34. Self Help

12 1 0
                                    

Bus terus berjalan meninggalkan gereja. Membawa Abraham, Rosita, Eugene, Lauren, Steven, dan Tara. Tujuan mereka adalah Washington D.C.

Abraham menyetir. Tepat di belakangnya duduklah Rosita. "Penampilanmu mulai agar berantakan," kata gadis itu. 

"Bersiap untuk pensiun," ujar Abraham. "Menyantaikan standar kerapian. Mungkin aku akan jadi tukang leding atau penggembala."

Rosita membelai-belai rambut Abraham. "Kau tidak menggembala sekarang, Abraham. Tetaplah fokus."

"Benar sekali." Abraham melihat wajah Rosita melalui cermin spion tengah. "Itu baru gadisku. Mungkin kau boleh mencukur seluruh tubuhku. Mulus seperti lumba-lumba."

Rosita terkekeh dan menepuk gemas bahu Abraham. "Akan kucukur untukmu malam ini."

"Baiklah, Bu."

Mereka berdua boleh saja bermesraan. Tetapi Eugene begitu serius memperhatikan mereka berdua. Tara sadar itu, lantas menggodanya. "Mungkin Rosita bisa merapikan rambutmu juga. Rambutmu agak panjang di belakang. Atau itu sumber kekuatanmu?"

"Aku tidak mau segera membunuh singa." Eugene menyahut begitu sensitif. "Aku tidak mau bertaruh tentang melihatku bunuh seribu orang tidak beradap dengan rahang keledai."

"Jadi kau hanya akan duduk dan menyelamatkan orang, ya?" tanya Tara.

"Ya," jawab Eugene.

Sementara itu...

Steven tahu, Lauren pun berat meninggalkan Andrew dan yang lain.

"Mungkin mereka hanya di belakang kita," ujar Lauren. "Mungkin Norman dan Han kembali. Mungkin mereka ambil peta, temukan mobil, dan ada di jalan." Semua kalimat itu untuk menghibur mereka berdua.

Steven tenang, saat mendengar semua kalimat itu. "Mereka akan menyusul. Kita amankan jalan untuk mereka."

Kemudian Lauren bertanya pada Eugene, "Berapa lama nanti prosesnya? Setelah kau tiba di terminal itu dan lakukan tugasmu?"

"Tergantung jumlah faktor, juga densitas yang terinfeksi di wilayah sasaran di dunia," jawab Eugene.

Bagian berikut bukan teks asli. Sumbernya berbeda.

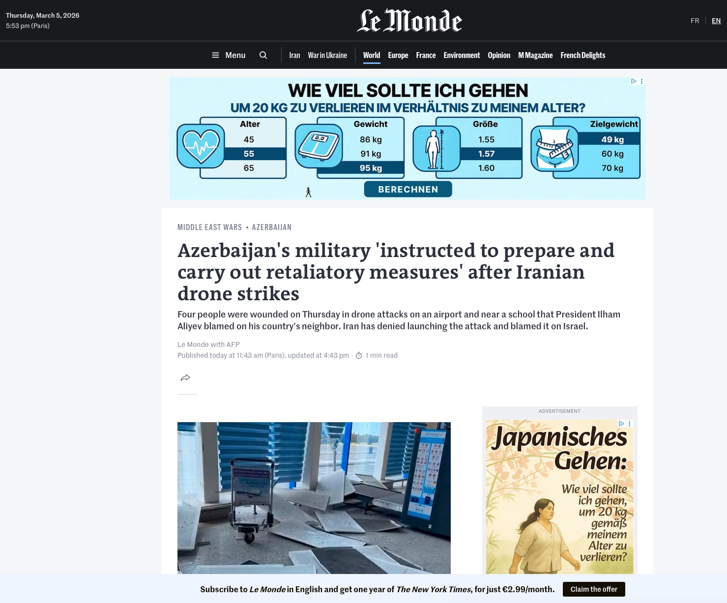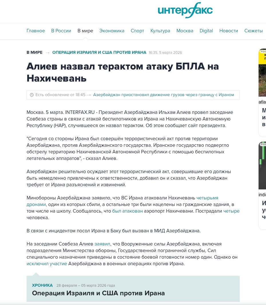Nəşr qeyd edir ki, pilotsuz uçuş aparatlarından biri Azərbaycan ərazisində yerləşən obyektlərdən birinə düşüb və hadisə nəticəsində bir neçə nəfər yaralanıb. Məqalədə Prezident İlham Əliyevin bu hadisənin ciddi təhlükəsizlik insidenti olduğunu bildirdiyi və İranın məsuliyyət daşımalı olduğunu vurğuladığı qeyd edilir.
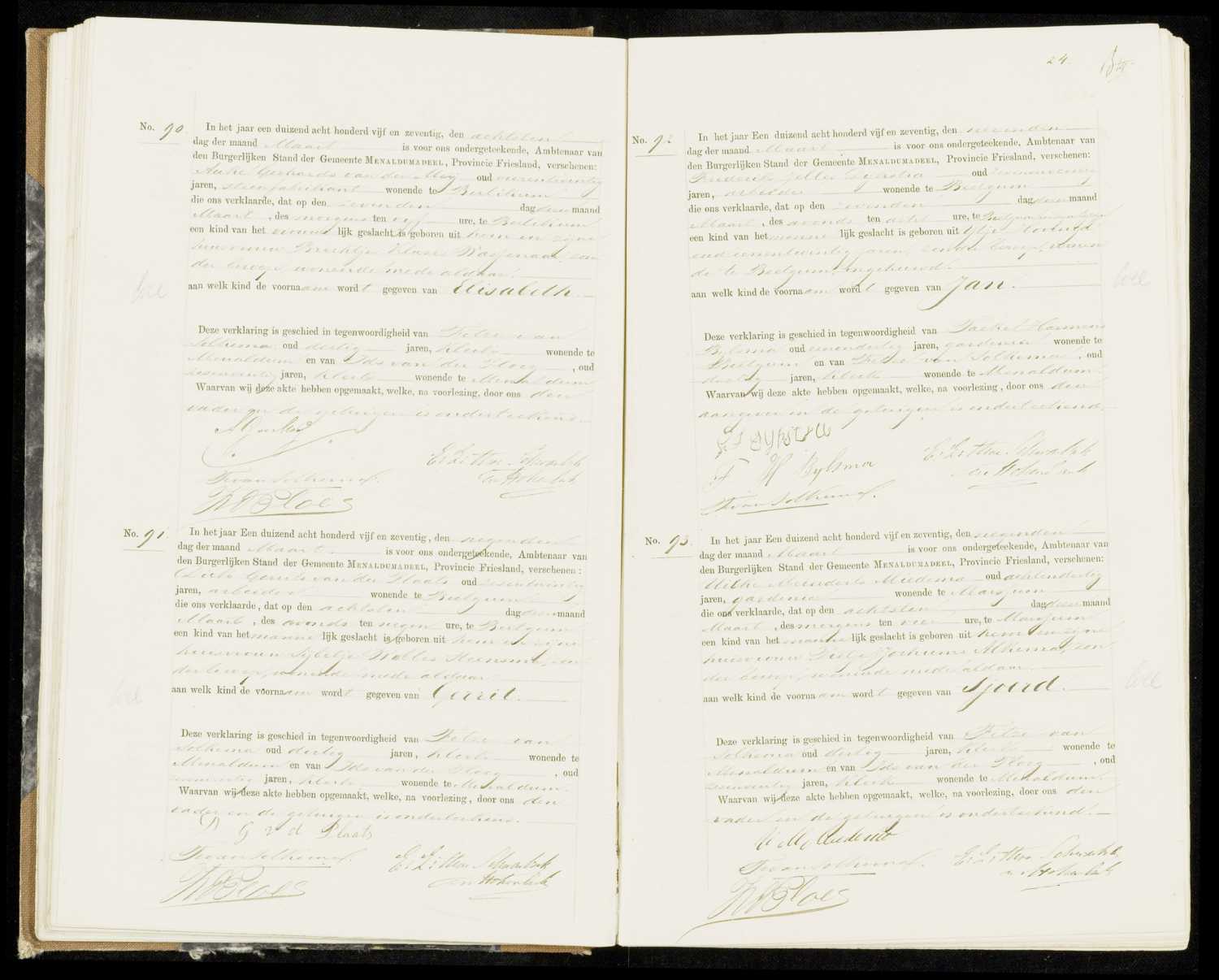 Geboorteregister 1875, Menaldumadeel, Aktenummer A90, Elsabeth van der Mey

"Tunggu, wilayah sasaran?" Steven bertanya. "Maksudmu rudal?"

"Itu rahasia," jawab Eugene.

"Kukira kita sudah tidak lakukan itu," ujar Steven. 

"Bagaimana jika kita semua hidup?" Eugene memaparkan sedikit keuntungan dari itu semua.

"Maka rahasia itu akan bermakna saat itu?" tanya Steven lagi.

"Mungkin saja," jawab Eugene. Wajahnya datar tanpa ekspresi. "Kecepatan hal jadi normal tergantung sejumlah faktor, terutama pola cuaca seluruh dunia, yang dibentuk tanpa dugaan bahwa mobil, pesawat, kapal, dan kereta api tidak akan tumpahkan hidrokarbon ke atmosfir selama ini. Situasi banyak berubah bila soal patogen tertular lewat udara."

Tiba-tiba pertanyaan konyol ini terlontar dari mulut Steven, "Kenapa rambutmu begitu?"

Eugene menjawab sekenanya, yang tidak bisa diprotes. "Karena aku suka." Untuk menjawab godaan Tara tadi, ia pun berkata, "Dan tidak ada yang boleh memotongnya kapan saja. Kau paham, Nona Espinosa?"

Rosita tergelak, dan menjawab, "Ya. Jelas sekali!"

"Kalian bisa tertawa sesukanya." Eugene tampak tersinggung.

"Tidak ada yang mengejek," kata Rosita.

"Pria terpintar yang kutemui ternyata suka rambutku," pamer Eugene. "Bos lamaku, T. Brooks Ellis, direktur Human Genome Project. Katanya rambutku buat aku jadi, kukutip, "Pria asyik." Memang. Aku bukan Samson."